Re: Panic with pf 'once' rule

Lawrence Teo-7
On Tue, Jul 09, 2019 at 03:35:26PM -0600, Aaron Bieber wrote:

> I get the panic when the rule is in an anchor as well.
>
> PGP: 0x1F81112D62A9ADCE / 3586 3350 BFEA C101 DB1A 4AF0 1F81 112D 62A9 ADCE
>
> >> On Jul 7, 2019, at 4:39 PM, Mike Belopuhov <[hidden email]> wrote:
> > ???
> > Aaron Bieber writes:
> >
> >> Hi,
> >>
> >> Adding a rule similar to the below causes a panic on -current (OpenBSD
> >> 6.5-current (GENERIC) #95: Thu Jul  4 21:22:25 MDT 2019). This also panics 6.3
> >> and 6.5 (I didn't test 6.4):
> >>
> >>  pass in quick on egress proto tcp from any to port 8888 once rdr-to \
> >>    127.0.0.1 port 3333
> >>
> >> Once the rule is in place, fire up:
> >>
> >>  nc -l 127.0.0.1 3333
> >>
> >> Connect a few times from a remote machine:
> >>
> >>  nc <ip> 8888
> >>
> >> Eventually it will panic with (sometimes it happens right away, other times I
> >> have to restart nc a few times):
> >
> > This is because it's meant to be used inside of an anchor
> > (it removes the rule once it's matched).
> >
> > The most sensible way to use it is to put it into the anchor
> > inside a recursive anchor (e.g. 'relayd/*').
> >
> > It's possible that the check protecting the system from
> > the misuse like you've described here got lost during
> > refactoring or it never existed in the first place :-(
> >
> > Cheers,
> > Mike
> >
> >>  ddb> trace
> >>  pf_rm_rule(ffffffff81d900a8,ffff8000003bbfe8) at pf_rm_rule+0xa9
> >>  pf_purge_rule(ffff8000003bbfe8) at pf_purge_rule+0x26
> >>  pf_purge(ffffffff81dc1088) at pf_purge+0x55
> >>  taskq_thread(ffff800000022040) at taskq_thread+0x3d
> >>  end trace frame: 0x0, count: -4

[cc'ing sashan@ because this relates to pf.c r1.983]

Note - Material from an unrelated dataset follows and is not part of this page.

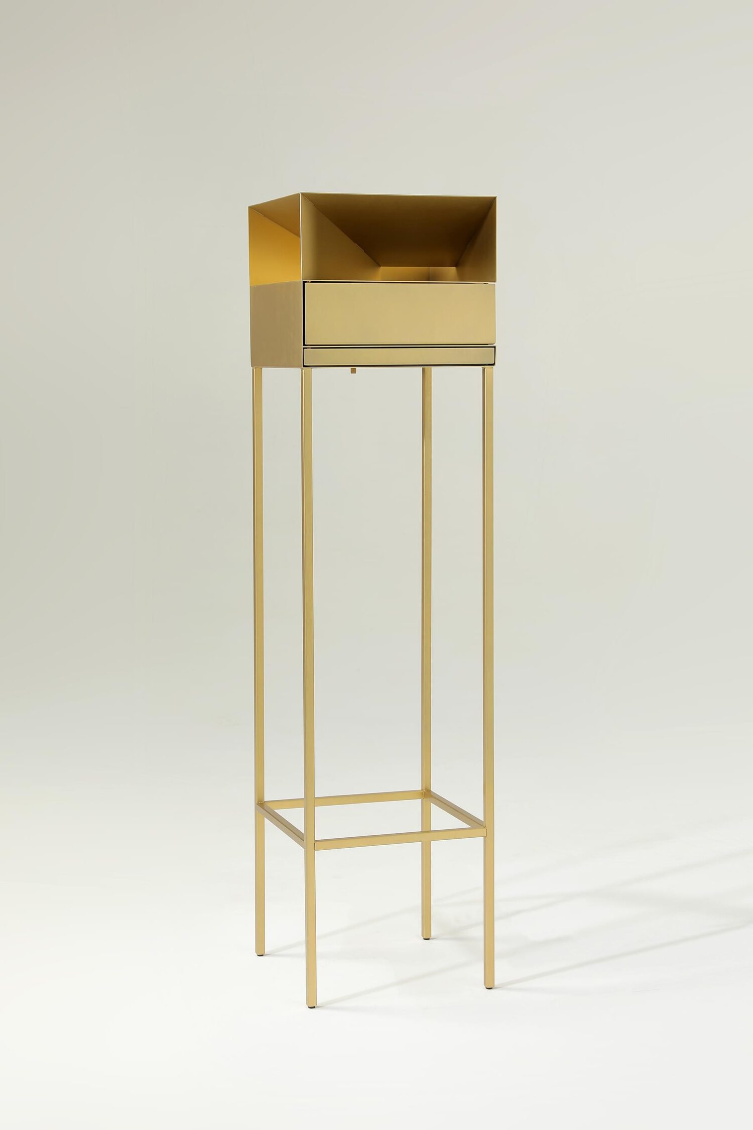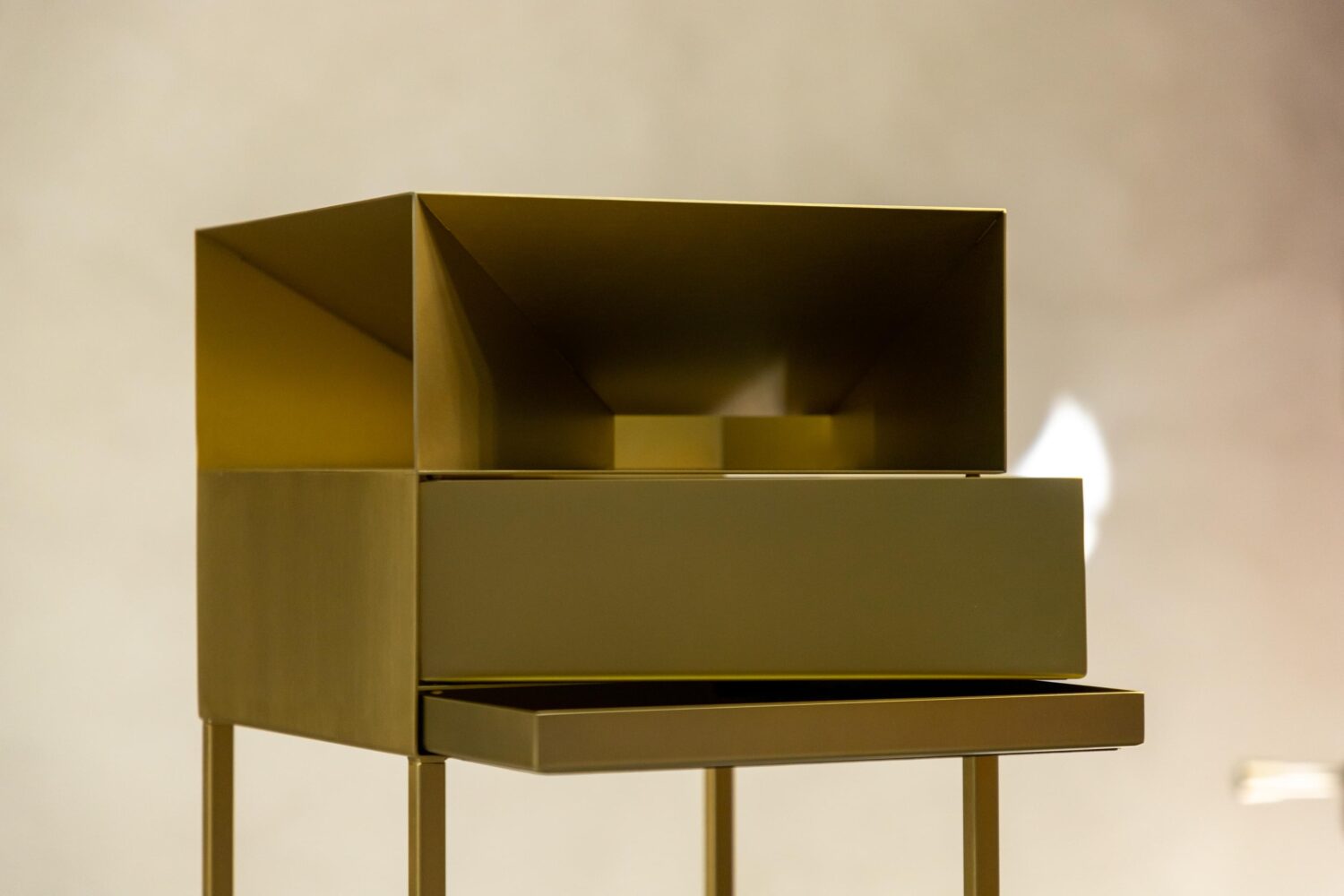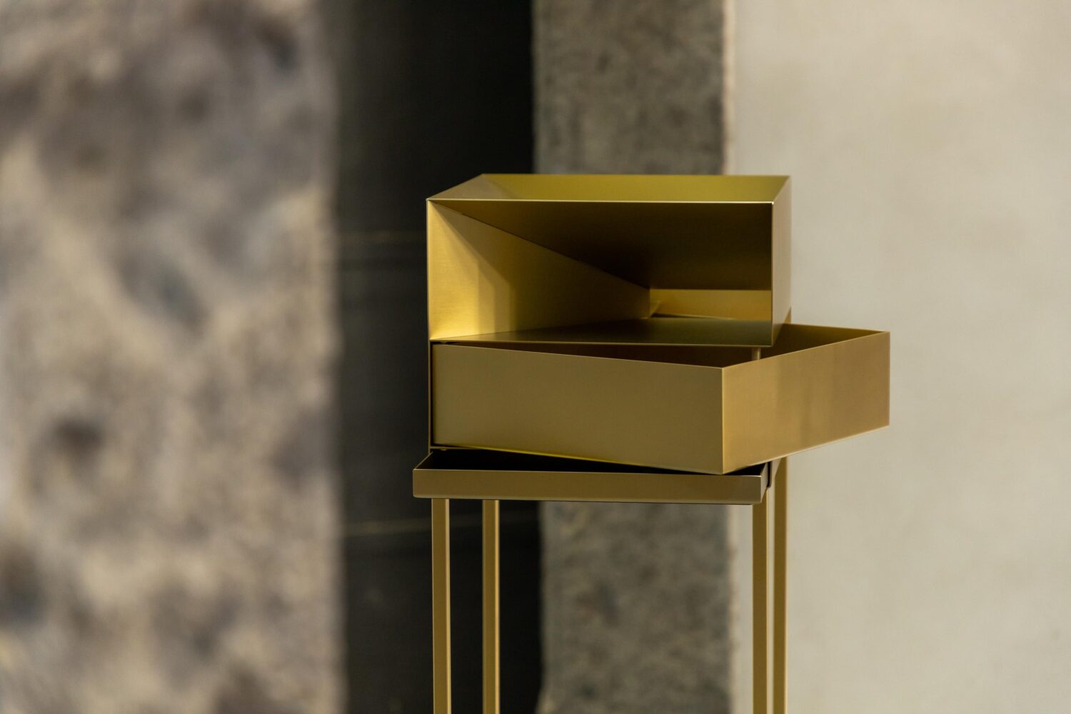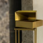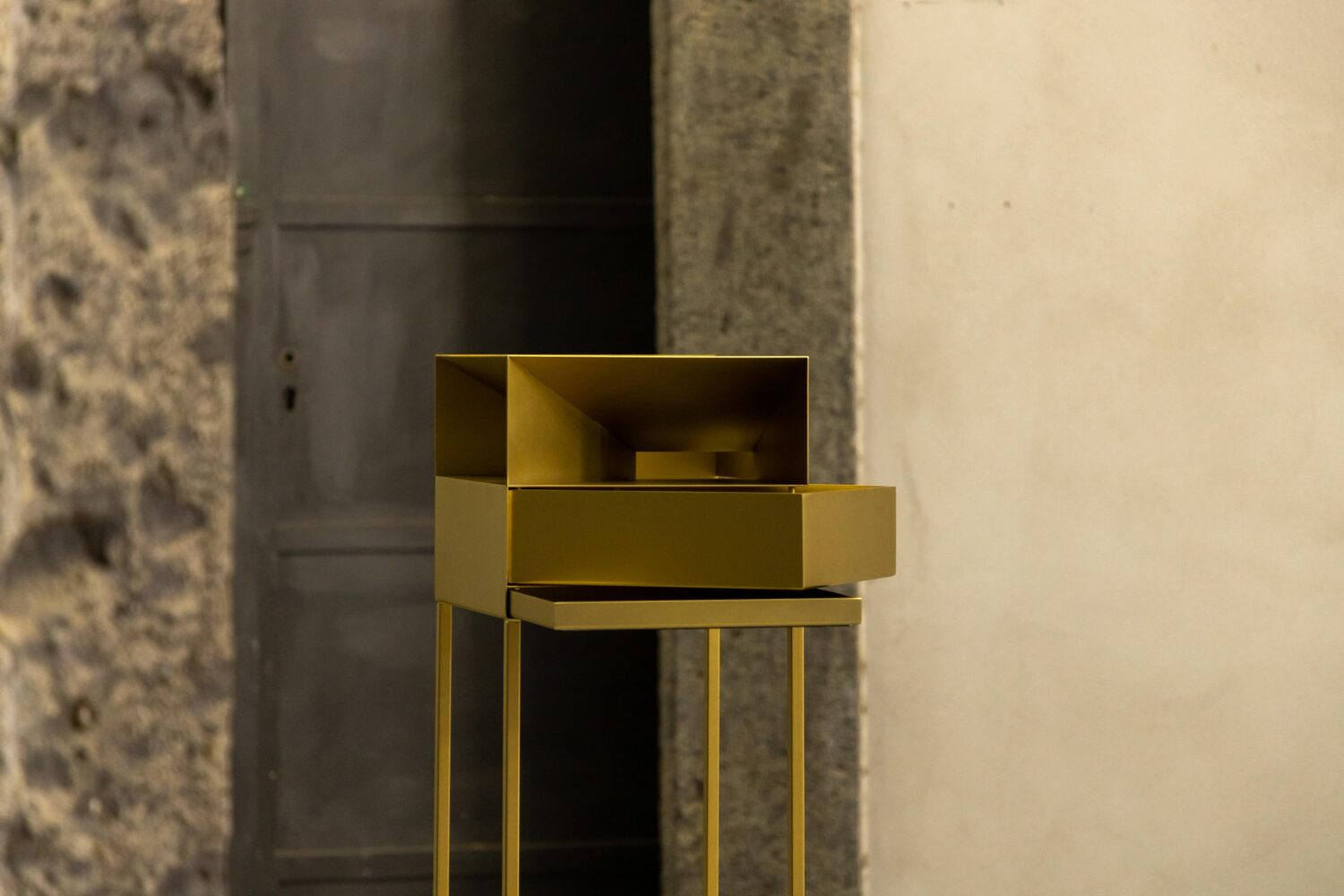 Corte è lo svuotatasche in acciaio finitura naturale, con variante ottone spazzolato, pensato per il gesto veloce del rientro, “getto le chiavi e corro da te”. Un complemento che richiama gli elementi architettonici del Montefeltro, come le feritoie e che, seguendo una costruzione prospettica, presenta dei vuoti per ospitare gli oggetti del quotidiano. Questi, con un gesto semplice, possono scivolare lungo i piani inclinati per poi essere recuperati nei cassetti che si aprono con uno scorrimento circolare, quasi a ricordare il gioco di luci ed ombre creato dal sole nei chiostri rinascimentali. Corte è realizzato in acciaio, metallo che garantisce qualità e durabilità al prodotto. Anche le finiture, applicate attraverso un bagno galvanico, assicurano una scelta consapevole perché il prodotto non viene rivestito da componenti chimici.

I can replicate the crash as well.  The crash only happens if more than
one connection that matches the once rule is made in a short period of
time.  abieber@ triggered this when he ran "nc <ip> 8888" a few times.
After going through the code, I think I found the cause and wrote a
possible fix.

As of pf.c r1.983, once rules are removed by the purge thread instead of
immediately when a packet matches the rule.  The latest code is in
pf_test_rule():

        if (r->rule_flag & PFRULE_ONCE) {
                r->rule_flag |= PFRULE_EXPIRED;
                r->exptime = time_second;
                SLIST_INSERT_HEAD(&pf_rule_gcl, r, gcle);
        }

When a once rule is matched by a packet for the first time, the rule is
marked as expired and added to pf_rule_gcl.  Eventually the purge thread
is run, which calls pf_purge_expired_rules() to purge the expired rules
in pf_rule_gcl:

        while ((r = SLIST_FIRST(&pf_rule_gcl)) != NULL) {
                SLIST_REMOVE(&pf_rule_gcl, r, pf_rule, gcle);
                KASSERT(r->rule_flag & PFRULE_EXPIRED);
                pf_purge_rule(r);
        }

Since the purge thread only runs periodically, there is a short time
window where a once rule is expired but not yet purged.  If a second new
connection that matches the once rule is made in that time window, the
pf_test_rule() code block is executed again, causing the same once rule
to be added to pf_rule_gcl again.

As a result, when the purge thread finally runs, it tries to remove the
once rule multiple times, resulting in a crash, as seen on the
backtrace:

pf_rm_rule(ffffffff81d900a8,ffff8000003bbfe8) at pf_rm_rule+0xa9
pf_purge_rule(ffff8000003bbfe8) at pf_purge_rule+0x26
pf_purge(ffffffff81dc1088) at pf_purge+0x55
taskq_thread(ffff800000022040) at taskq_thread+0x3d

There is also a related bug where pf_test_rule() still creates state for
new connections that match the expired once rule in that time window,
even though the once rule has already expired.  In other words, the once
rule is not truly a one shot rule in that expired-but-not-purged time
window.

To fix both bugs, I wrote this diff that adds a check in pf_test_rule()
to prevent expired once rules from being added to pf_rule_gcl.  The
check is added "early" in pf_test_rule() to prevent any further
connections from creating state if they match the expired once rule.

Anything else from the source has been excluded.